Student3: The bus was very cool because it was life-size and you could see how it was going to be.
Stuart Wood: To design something you have to understand how it’s made, where it came from, and then what the limitations, what the possibilities are, so unless you have access to the real thing, or experts who know about the real process you kind of can’t even begin so the V&A’s resources are essential for this project.
Mark Burrows: We kind of tried to pick collections that were big so they wouldn’t stop researching, there was no end to what they could kind of explore there.
Reino Liefkes, Senior Curator, Sculpture, Metalwork, Ceramics, and Glass, V&A: Sand is the main component of glass. The strength really of our collection is that is has both incredible depth but also incredible breath as well, you know its got glass in this case, if were looking at glass of maybe 4 or 5 centuries and its within all those periods it has got incredible masterpieces.
Nick Harriman: Their definition and their understanding of the word design has completely changed to where it was at the beginning of the project. They understand more about the practicalities of design, about materials and processes, and how they might use those to be inspirational in whatever it is that they want to do.

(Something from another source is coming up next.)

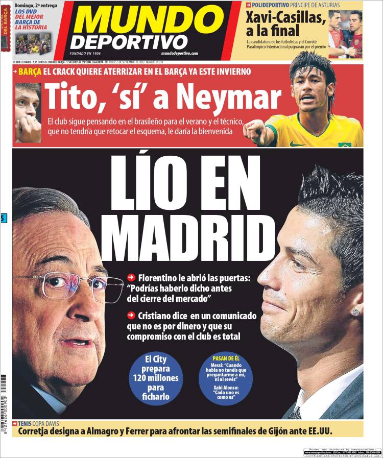 MUNDO DEPORTIVO REAL MADRID – Sul quotidiano Mundo Deportivo si parla della lite a Madrid tra Ronaldo e il presidente Florentino Perez.

The project has had a really positive and I’d say an important drive and part of their life for the last 3 months and we’ve noticed them working in new ways where they’ve had to work independently, where they’ve had to work out their way of finding materials, processes…etc.
Students: Processes that we’ve explored are different ways of moulding clay, hydraulics, inflatables, different ways to cut and bend wood, plastics, how we can make wood represent a metal that we’re going to use.
Cara Williams: Heatherwick works in a really cross-disciplinary way, and I think that’s brought a lot to the project because it’s important to understand that things don’t exist in isolation.
Nick Harriman: Normally when we deliver a project we work on our own, and we work as an Art Department, but actually it’s been really nice collaborating with teachers from other departments, like Amy from the DT Department. They’ve been stuck, they’ve had to get out of problems, they’ve had to work with other people to recognize those problems, and I think ultimately the fact that they’ve really experienced what it is to be like a designer that not all designers know everything and they may need to find other people to find solutions to their problems.
Cara Williams: We saw that the students had gone through quite an involved process, so they’d gone through lots of different design ideas and teased out all the challenges and I think that lead to a very sort of valuable experience.
Student4: So I though about having a shelter for a boat and that one, it’s basically just made out of glass…
Cara Williams: Although not all of them came up with an actual design solution. I think the most important thing that they took away was the fact that they had gone through the process and they’d really thought about the different challenges that designers have to consider.
The project really has allowed us to think quite differently about design teaching and I think it will allow us to model ways of working for other school in the future.